:: PROBLEM STATEMENT ::
Starting at the top of the records below, write out each line exactly as it stands, stopping after the line with "O colar é feito"; exclude the pictures.

Stored data:
· · · · · · ·
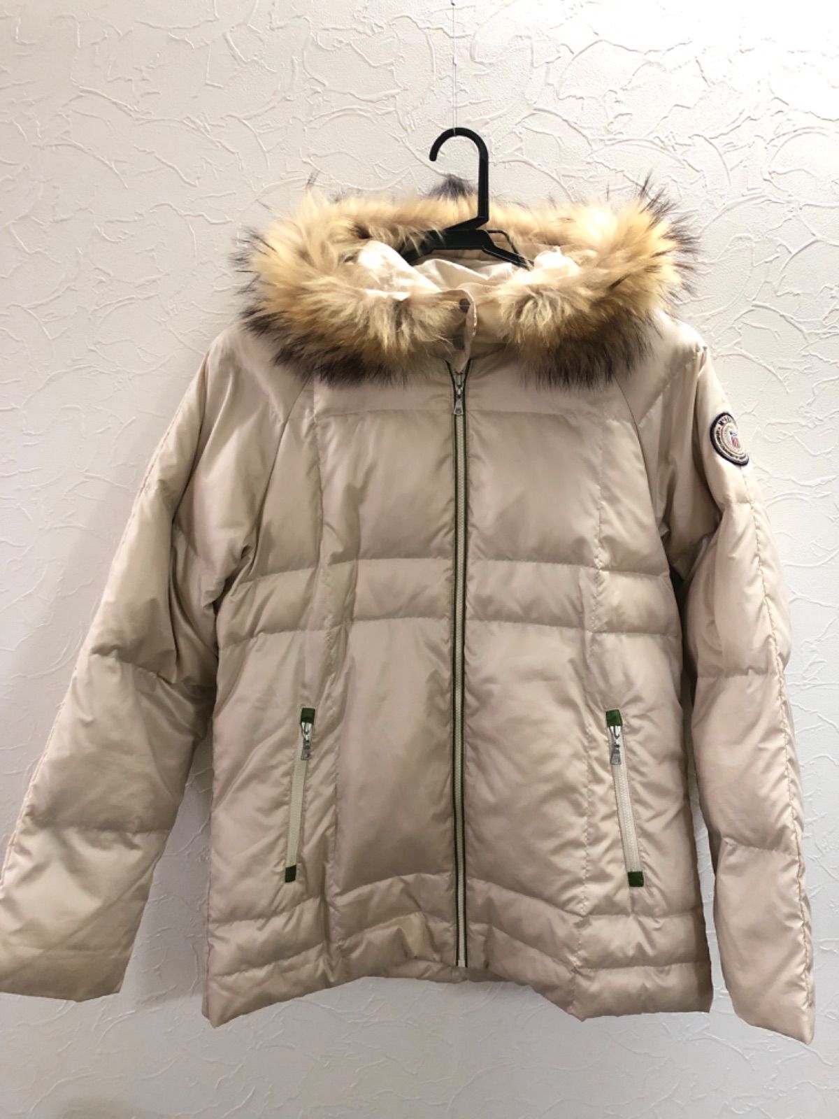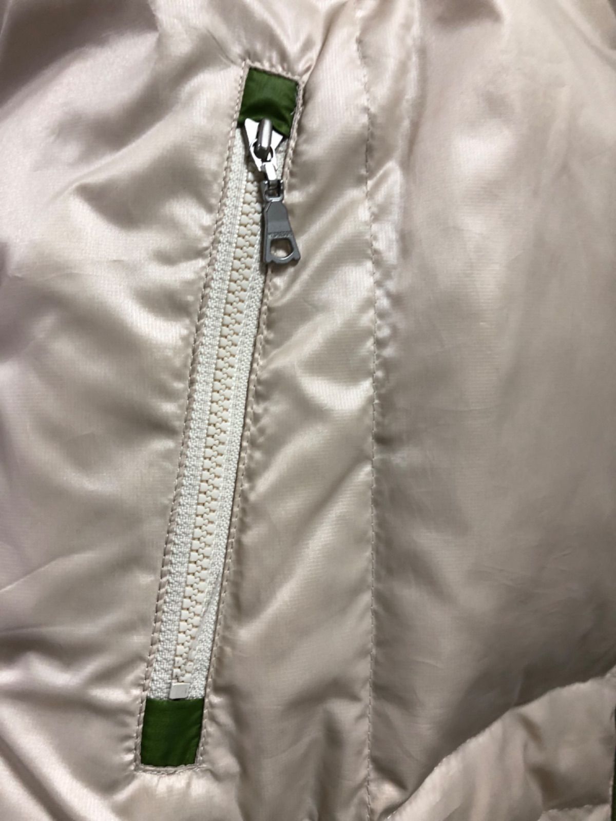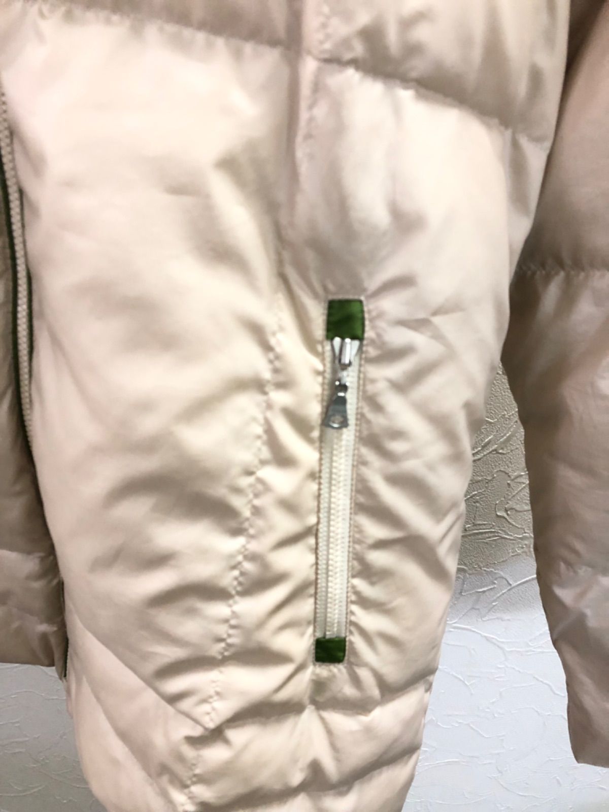 色も綺麗なベージュで軽くて着心地は良いです。中は鮮やかな黄緑色で素敵なダウンジャケット 二の腕部分にロゴのワッペンがありおしゃれポイントです。内ポケット一つありいざという時に使えるポケットです。
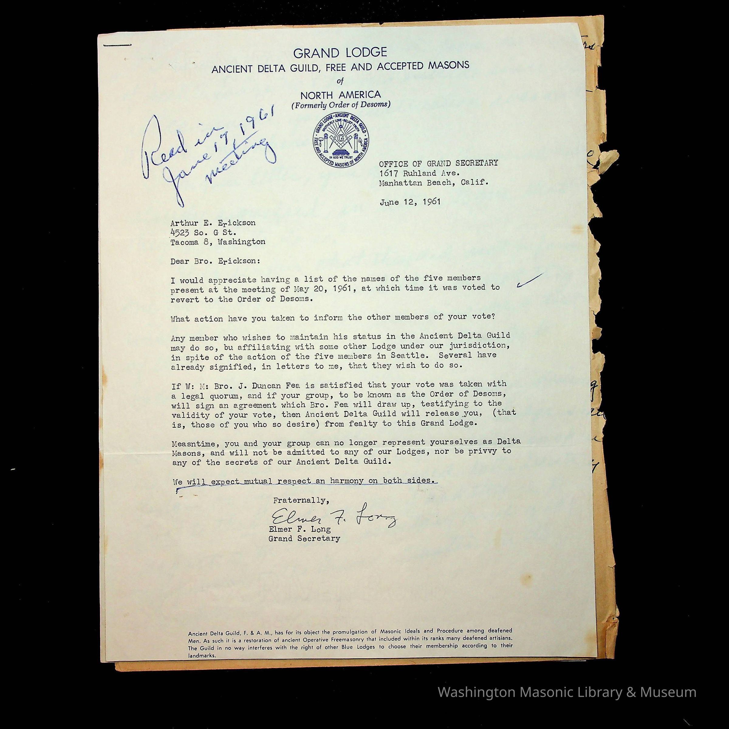 d-f) Letter and notes to Arthur E. Erickson from Office of Grand Secretary, CA (June 12, 1961). Originally stapled together
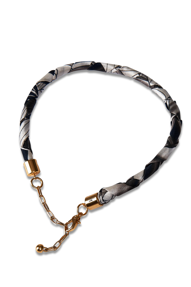 O colar é feito em latão (o aro interno), tecido e metais de acabamento em zamak e banho dourado com finalização em verniz alemão.
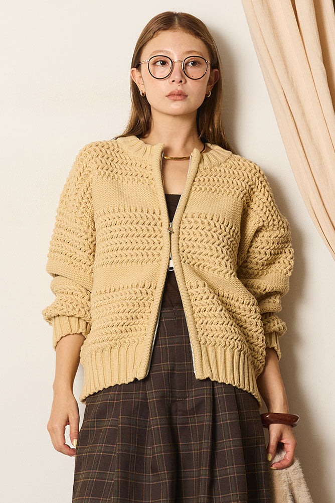 立体感のあるライン編みが目を引くダブルジップニットカーディガン。厚みのある編地が温かみをプラスし、ジップの開閉でシルエットや着こなしに変化をつけられます。カジュアルなデニムからスカートスタイルまで幅広く合わせやすく、秋冬のワードローブに欠かせない一枚です。
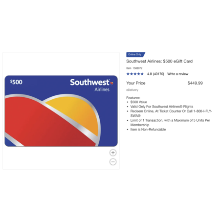 Costco: Southwest Airlines $500 eGift Card for $450 (online only)
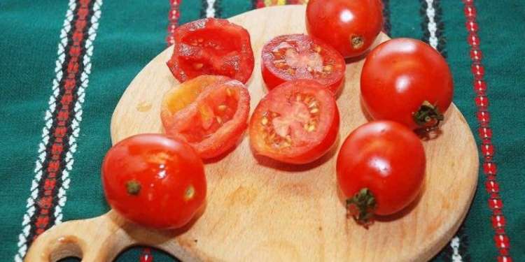 шаг 7Приобретите для готовки максимально спелые красные помидоры небольшого размера, после чего опустите их в кипяток на 1-2 минуты и избавьте от шкурки. Разрезав пополам, удалите семена и по желанию разрежьте на дольки.
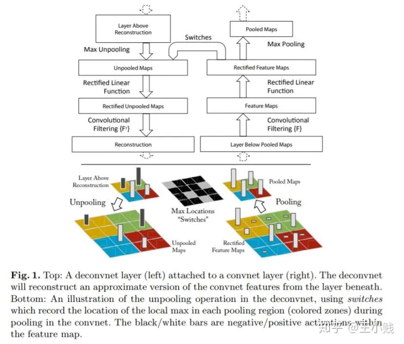 往往可以表示为卷积层对输入层的梯度 ,也就是说通过对卷积层进行适当的补0操作,再用原始的卷积核转置之后的卷积核进行卷积操作,就可以得到相应的梯度矩阵与当前卷积层的乘积,而我们在这里使用反池化-反激活之后的特征(其中包含了大部分为0的数值)进行该操作其实表征了原始输入对池化之后的特征的影响 ,因为在反激活过程中保证了所有值非负因此反卷积的过程中符号不会发生改变。
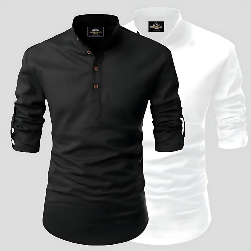 KASHIBAA Pack of 2 Men Solid Cotton Blend Straight Kurta  (Multicolor)
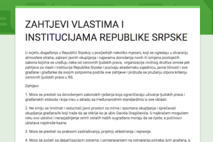 Organizacije civilnog društva su pred vlasti i institucije Republike Srpske stavile pet zahtjeva i pozivale akademsku zajednicu, javne ličnosti i…
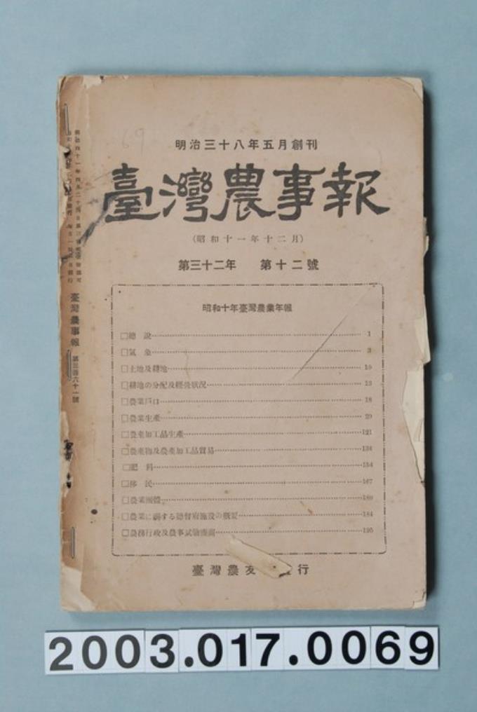 臺灣農友會發行《臺灣農事報》第32年第12號
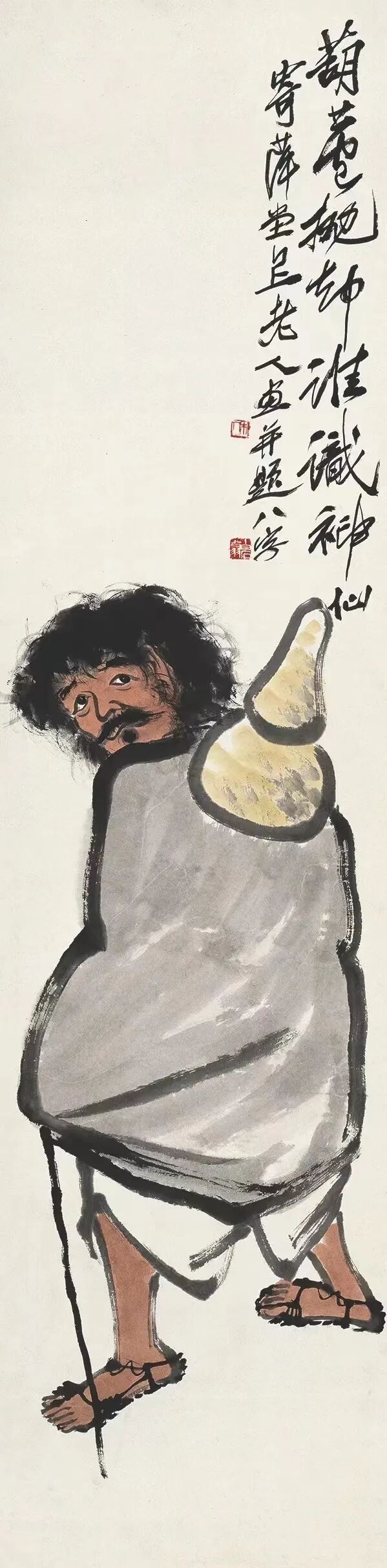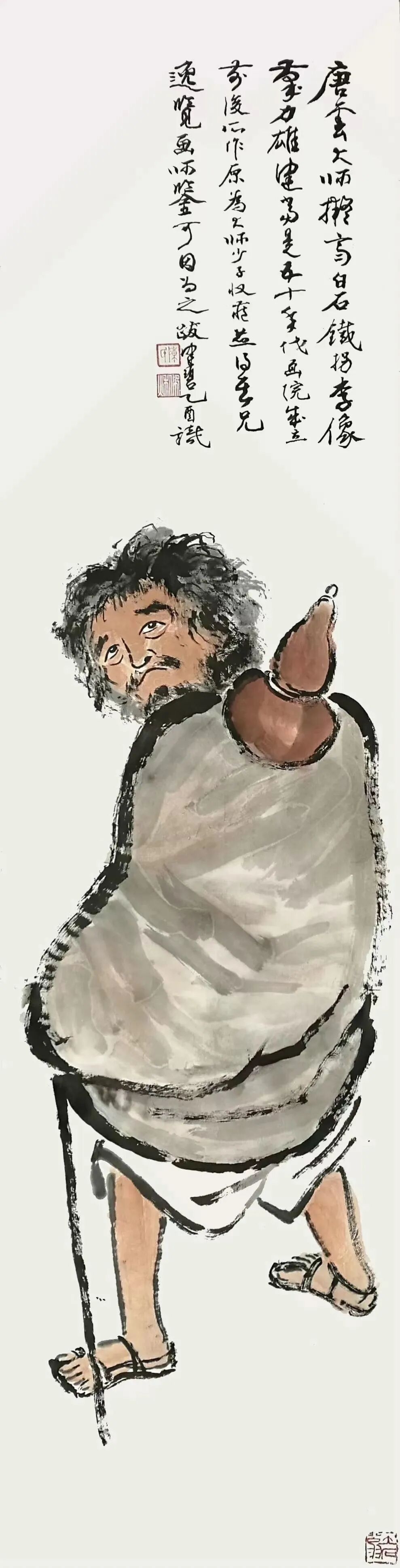 这幅画非但临得像,而且临得更神,仙人铁拐李的精气神都跃然纸上,尤其是脸部的表情、头发的笔触、衣纹的处理都有过人之处,特别是对背上的酒葫芦作了一个小小的更改,按了一个小葫芦盖,更具有生活情趣。五十多年之后,当这幅画展现在沪上大家陈佩秋先生眼前时,陈先生连连称好,并欣然题字:唐云大师拟齐白石铁拐李像,笔力雄健。
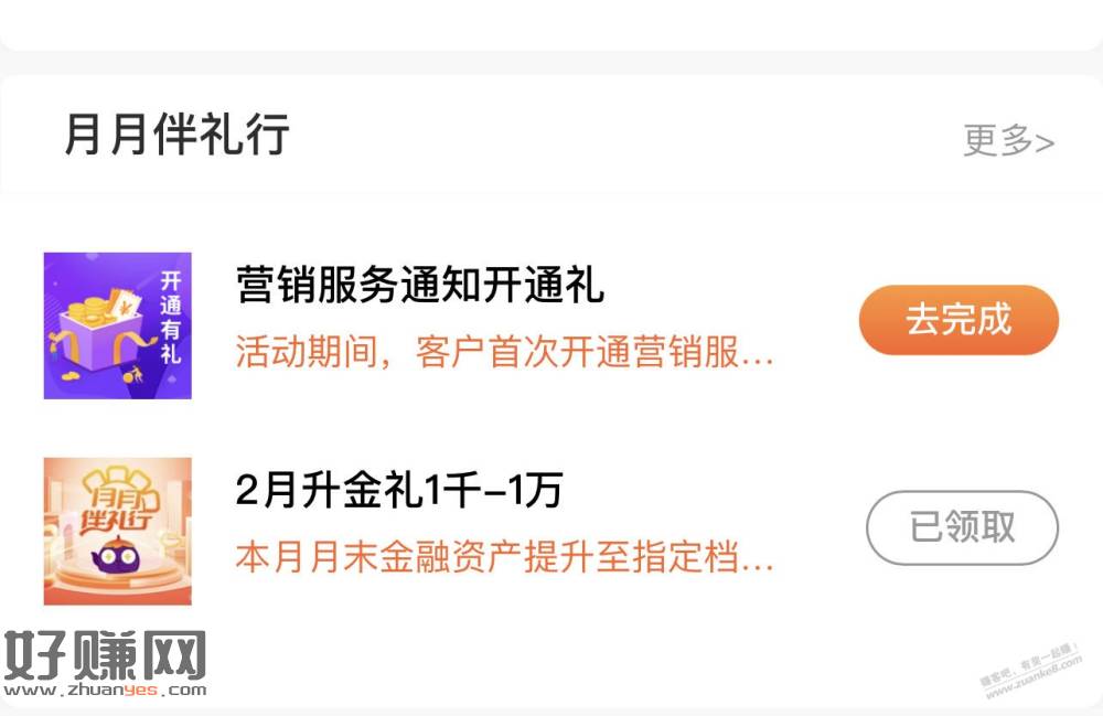 2月做了光大升金瘦腰任务的,记得领奖。路径:光大银行APP-我的-权益服务-月月伴礼行。
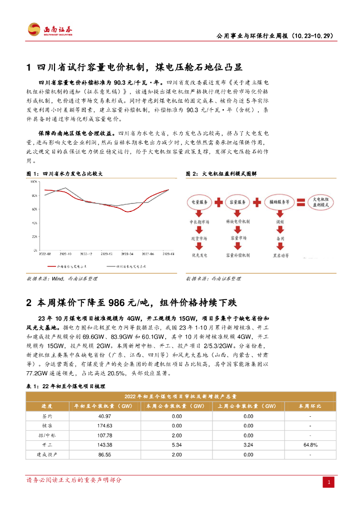 西南证券:公用事业与环保行业周报:四川省试行容量电价机制,煤价逐渐回落.pdf
· · · · · · ·
:: SOLUTION ::
 色も綺麗なベージュで軽くて着心地は良いです。中は鮮やかな黄緑色で素敵なダウンジャケット 二の腕部分にロゴのワッペンがありおしゃれポイントです。内ポケット一つありいざという時に使えるポケットです。
 d-f) Letter and notes to Arthur E. Erickson from Office of Grand Secretary, CA (June 12, 1961). Originally stapled together
 O colar é feito em latão (o aro interno), tecido e metais de acabamento em zamak e banho dourado com finalização em verniz alemão.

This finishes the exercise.